Records from a collection
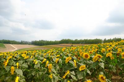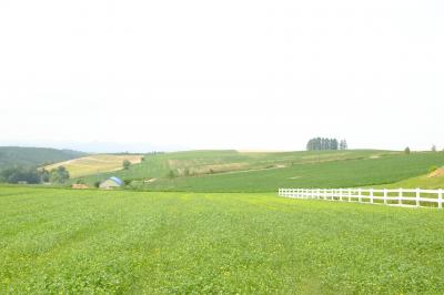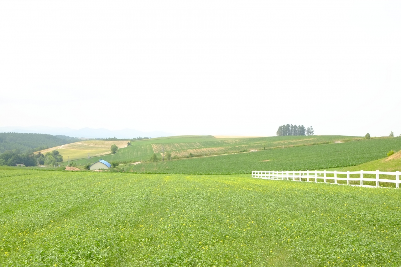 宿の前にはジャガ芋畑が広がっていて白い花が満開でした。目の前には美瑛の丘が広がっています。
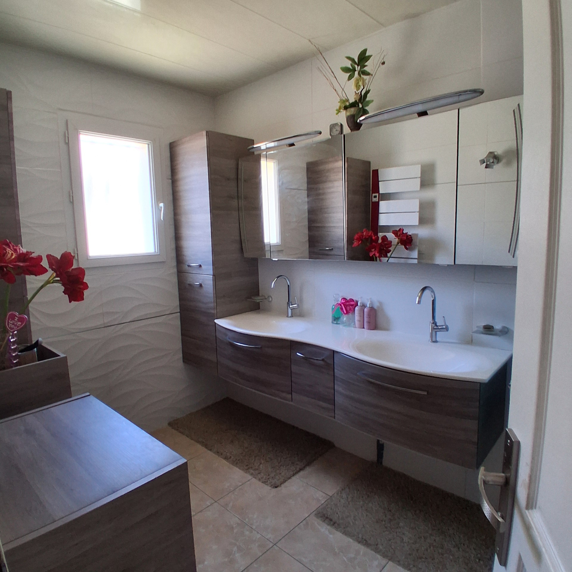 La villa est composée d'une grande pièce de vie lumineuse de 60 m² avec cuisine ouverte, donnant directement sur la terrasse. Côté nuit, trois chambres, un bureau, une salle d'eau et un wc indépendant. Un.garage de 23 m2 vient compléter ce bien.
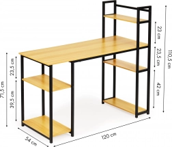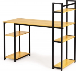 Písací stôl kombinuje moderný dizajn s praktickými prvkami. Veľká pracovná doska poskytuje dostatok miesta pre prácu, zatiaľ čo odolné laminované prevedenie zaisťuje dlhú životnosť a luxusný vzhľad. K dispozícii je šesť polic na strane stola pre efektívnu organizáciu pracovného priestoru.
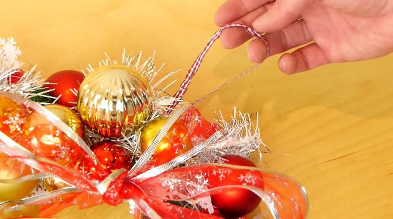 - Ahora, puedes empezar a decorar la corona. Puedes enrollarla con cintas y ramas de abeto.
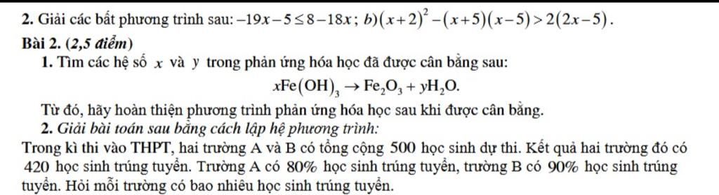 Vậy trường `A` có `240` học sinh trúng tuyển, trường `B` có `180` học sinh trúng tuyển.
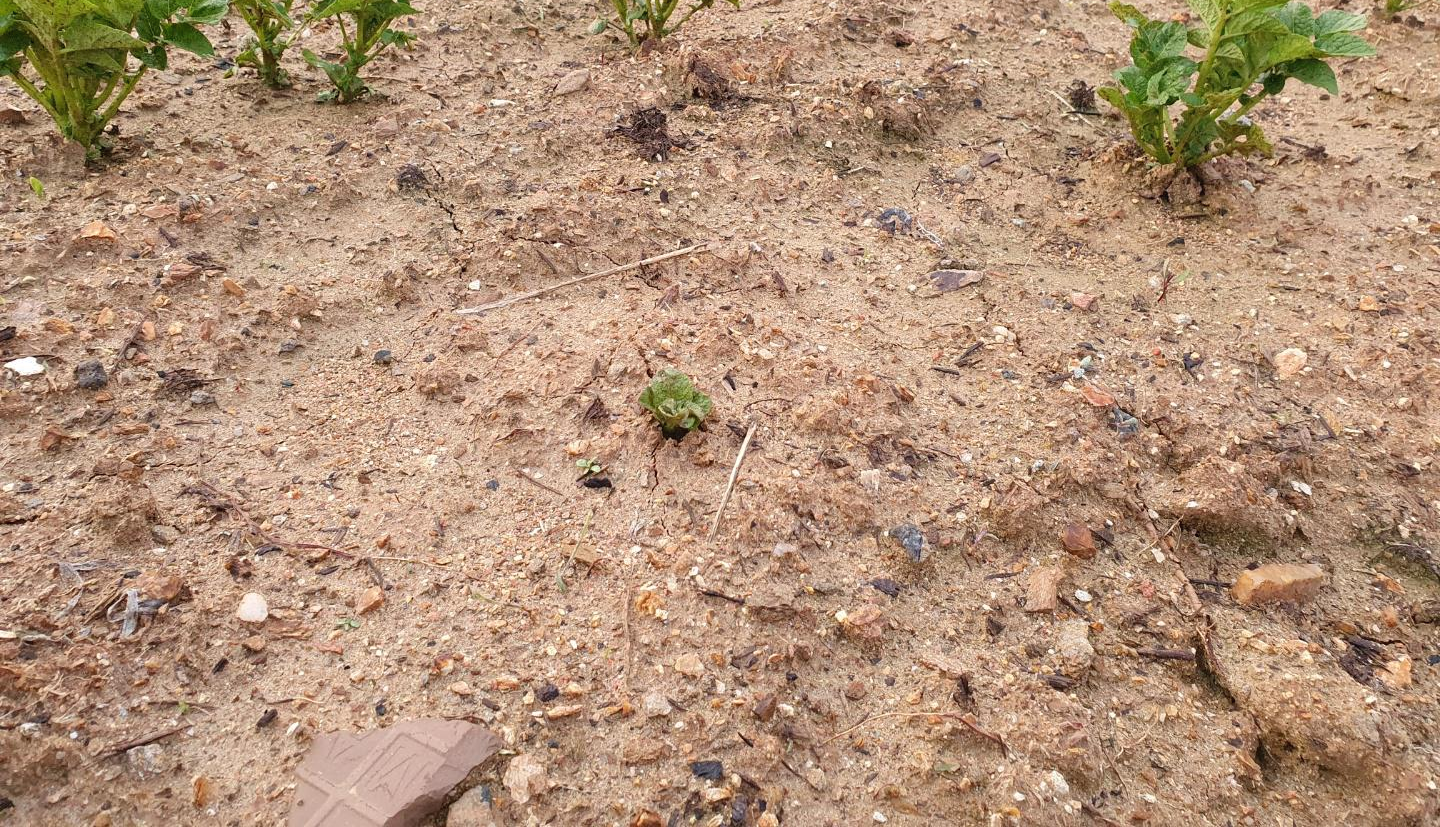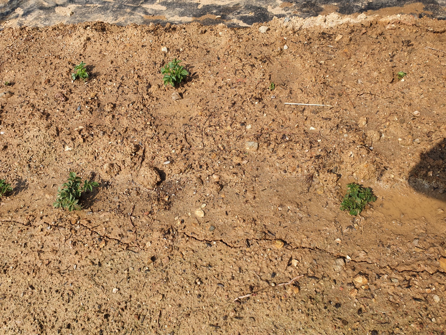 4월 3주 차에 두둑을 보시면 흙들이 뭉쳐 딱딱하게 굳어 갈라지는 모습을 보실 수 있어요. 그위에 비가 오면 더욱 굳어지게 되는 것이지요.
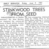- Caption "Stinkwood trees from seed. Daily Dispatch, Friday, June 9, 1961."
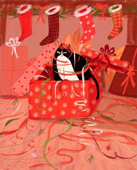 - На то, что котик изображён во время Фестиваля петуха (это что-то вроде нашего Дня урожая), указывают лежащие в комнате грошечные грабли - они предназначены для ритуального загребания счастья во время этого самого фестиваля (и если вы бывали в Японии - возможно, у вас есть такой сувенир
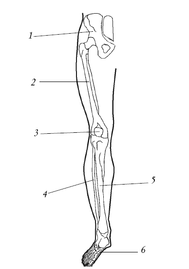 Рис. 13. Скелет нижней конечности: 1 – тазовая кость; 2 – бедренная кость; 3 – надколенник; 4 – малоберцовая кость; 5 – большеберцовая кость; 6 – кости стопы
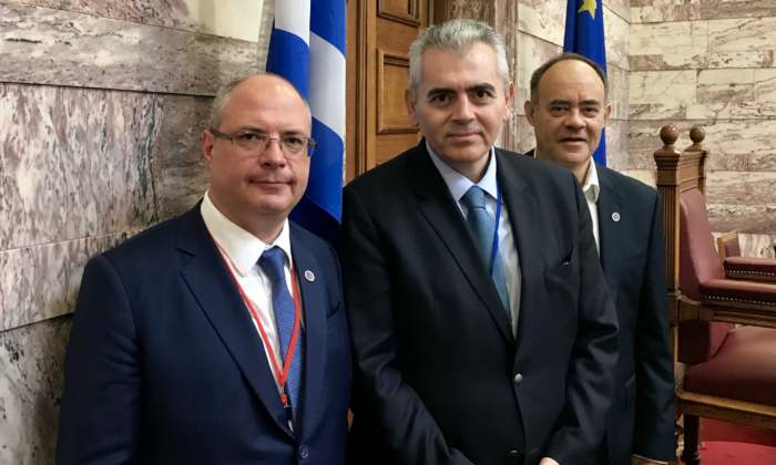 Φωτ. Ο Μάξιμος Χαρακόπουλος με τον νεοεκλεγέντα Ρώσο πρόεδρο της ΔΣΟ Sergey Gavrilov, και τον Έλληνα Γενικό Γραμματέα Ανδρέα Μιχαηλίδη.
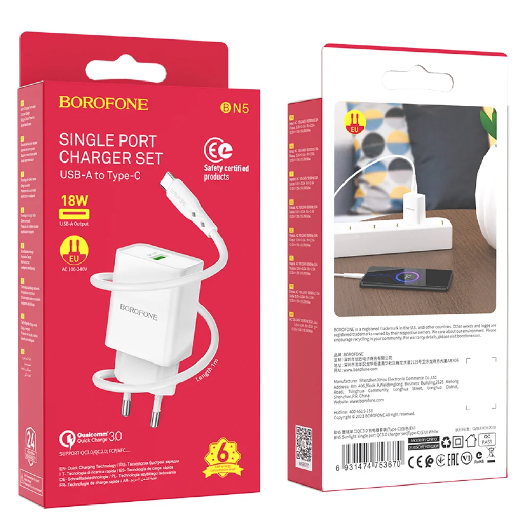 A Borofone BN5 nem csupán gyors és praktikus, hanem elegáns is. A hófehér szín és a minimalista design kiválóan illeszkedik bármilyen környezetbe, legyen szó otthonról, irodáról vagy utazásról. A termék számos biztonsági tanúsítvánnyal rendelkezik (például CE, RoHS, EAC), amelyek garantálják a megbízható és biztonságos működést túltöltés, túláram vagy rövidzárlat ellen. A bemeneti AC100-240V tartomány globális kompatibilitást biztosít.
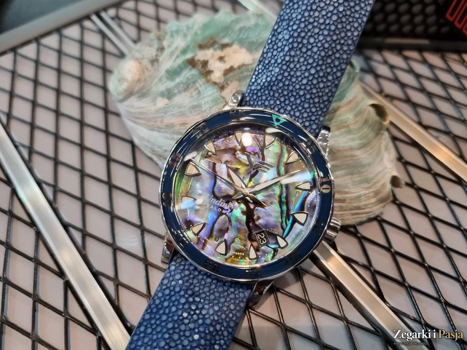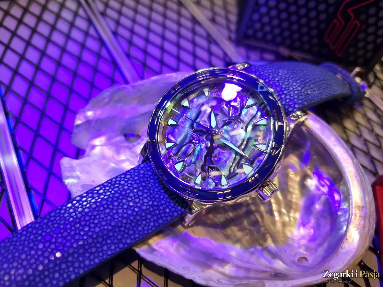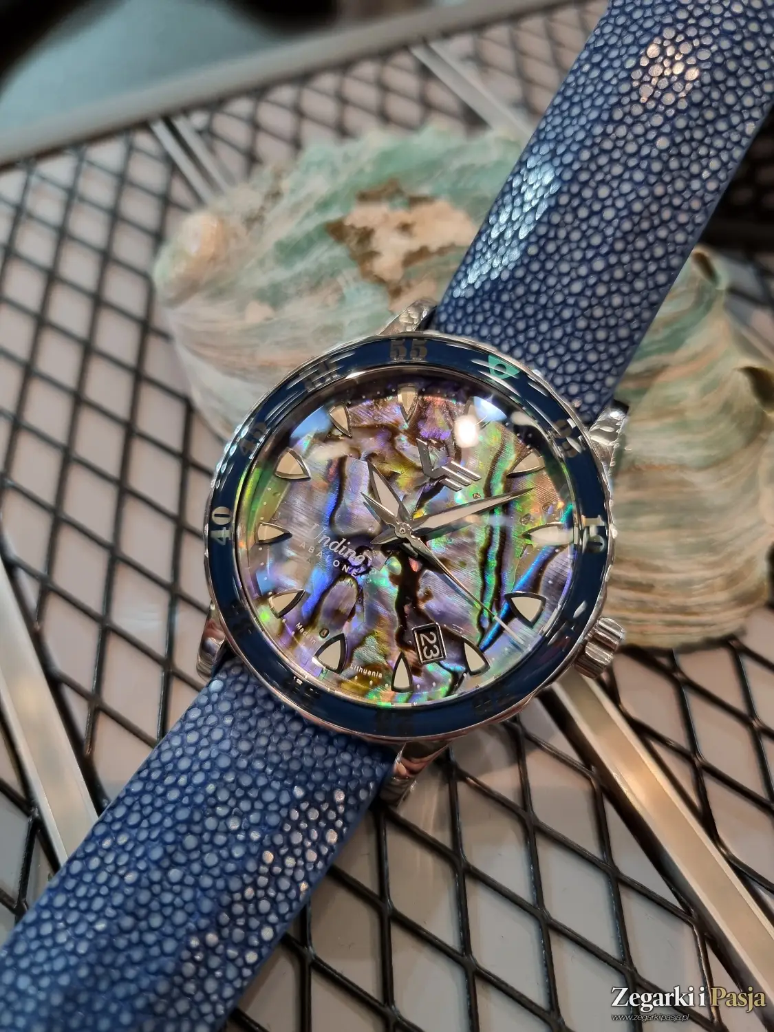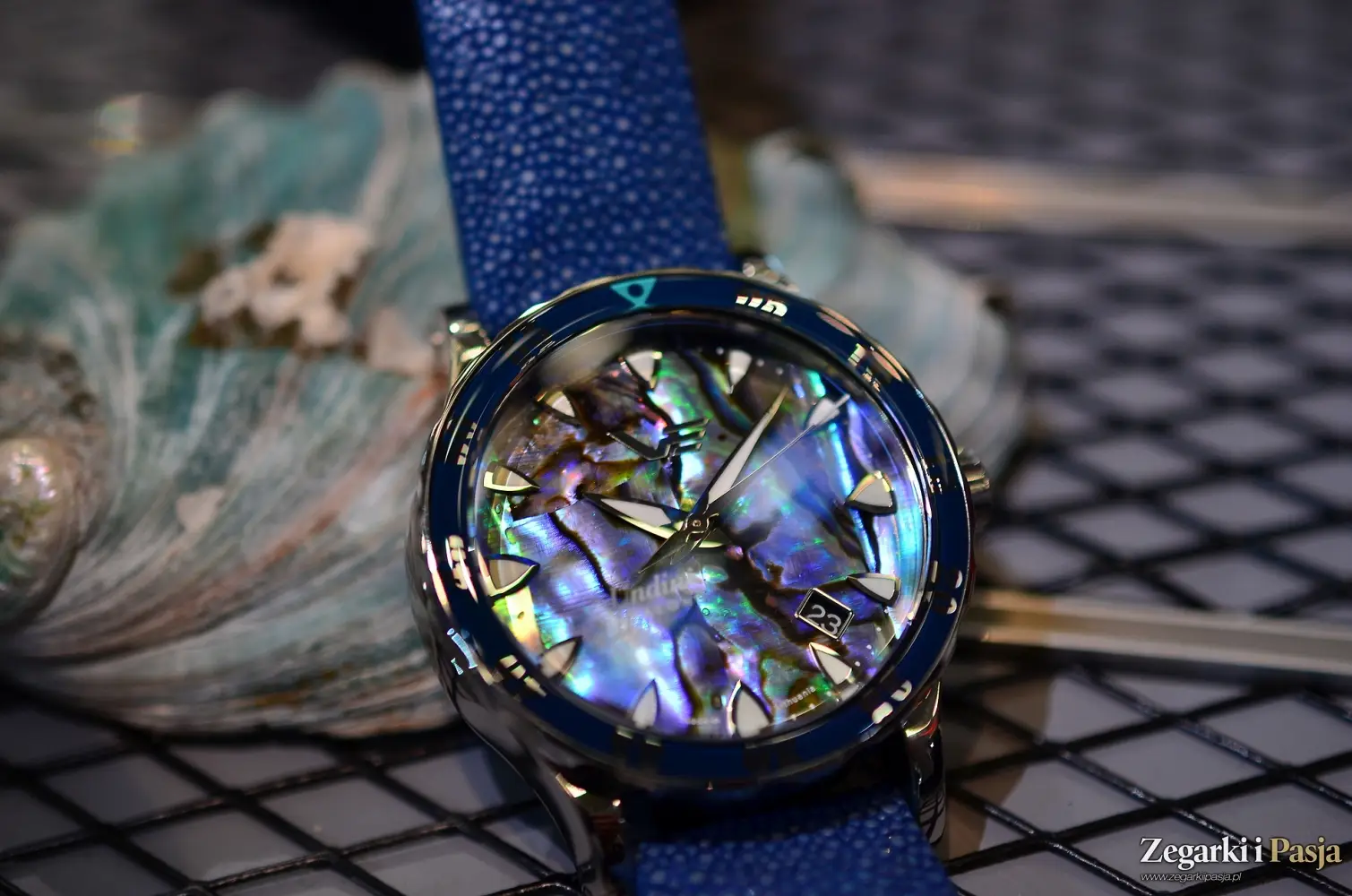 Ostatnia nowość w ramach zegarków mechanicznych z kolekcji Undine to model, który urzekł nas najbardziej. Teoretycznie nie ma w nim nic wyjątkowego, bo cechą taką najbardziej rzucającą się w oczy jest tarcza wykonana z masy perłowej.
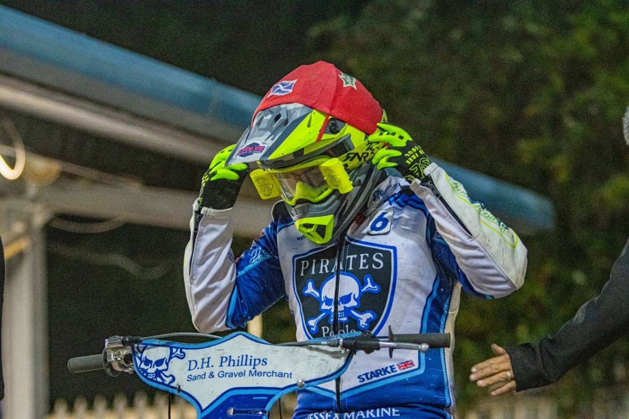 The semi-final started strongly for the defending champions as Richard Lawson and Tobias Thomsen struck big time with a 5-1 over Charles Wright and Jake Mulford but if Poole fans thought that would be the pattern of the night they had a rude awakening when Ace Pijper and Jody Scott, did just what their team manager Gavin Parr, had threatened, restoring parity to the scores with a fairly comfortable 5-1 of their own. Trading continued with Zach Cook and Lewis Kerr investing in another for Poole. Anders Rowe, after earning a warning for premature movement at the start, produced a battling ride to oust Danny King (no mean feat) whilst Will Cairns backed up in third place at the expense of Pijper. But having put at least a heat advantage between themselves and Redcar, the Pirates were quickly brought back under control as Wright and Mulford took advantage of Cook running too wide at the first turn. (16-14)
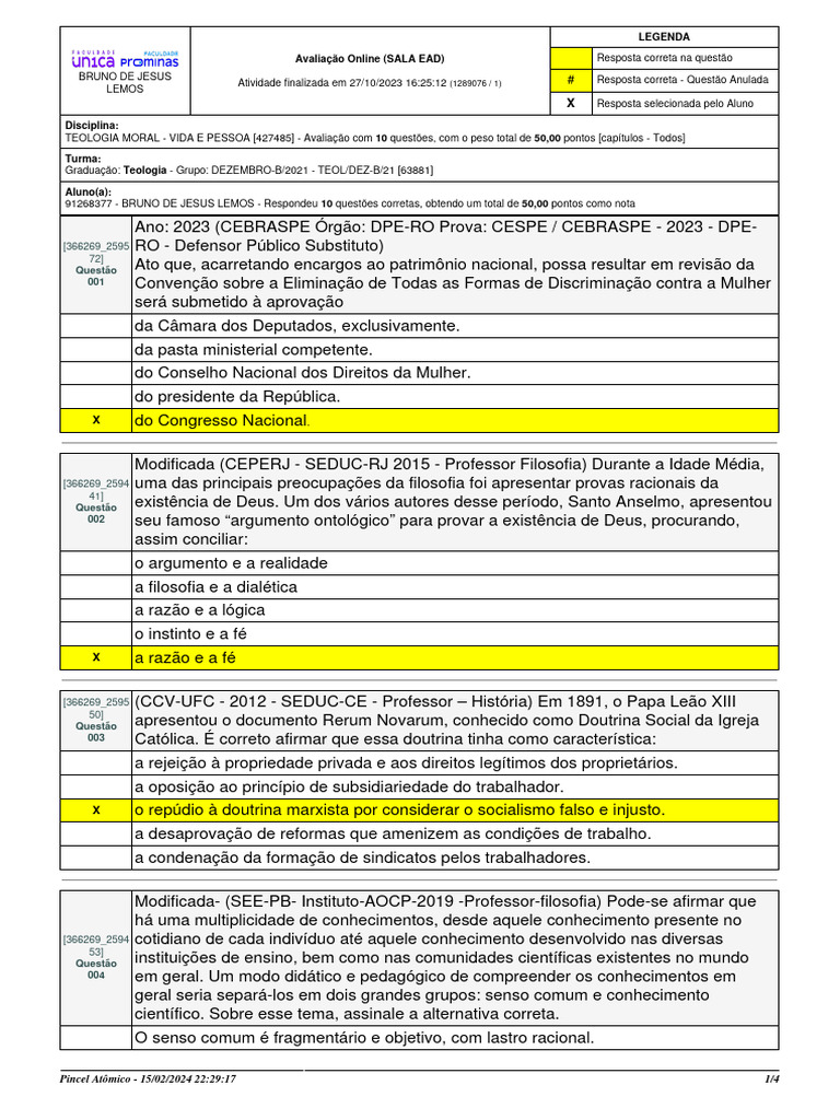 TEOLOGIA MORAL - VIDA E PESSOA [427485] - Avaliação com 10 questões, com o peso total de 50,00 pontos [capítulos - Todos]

** What is needed **
Write out again exactly the lines from the start of the data above through the line containing "trees from seed.", inclusive, excluding any pictures.

** Response **
 宿の前にはジャガ芋畑が広がっていて白い花が満開でした。目の前には美瑛の丘が広がっています。
 La villa est composée d'une grande pièce de vie lumineuse de 60 m² avec cuisine ouverte, donnant directement sur la terrasse. Côté nuit, trois chambres, un bureau, une salle d'eau et un wc indépendant. Un.garage de 23 m2 vient compléter ce bien.
 Písací stôl kombinuje moderný dizajn s praktickými prvkami. Veľká pracovná doska poskytuje dostatok miesta pre prácu, zatiaľ čo odolné laminované prevedenie zaisťuje dlhú životnosť a luxusný vzhľad. K dispozícii je šesť polic na strane stola pre efektívnu organizáciu pracovného priestoru.
 - Ahora, puedes empezar a decorar la corona. Puedes enrollarla con cintas y ramas de abeto.
 Vậy trường `A` có `240` học sinh trúng tuyển, trường `B` có `180` học sinh trúng tuyển.
 4월 3주 차에 두둑을 보시면 흙들이 뭉쳐 딱딱하게 굳어 갈라지는 모습을 보실 수 있어요. 그위에 비가 오면 더욱 굳어지게 되는 것이지요.
- Caption "Stinkwood trees from seed. Daily Dispatch, Friday, June 9, 1961."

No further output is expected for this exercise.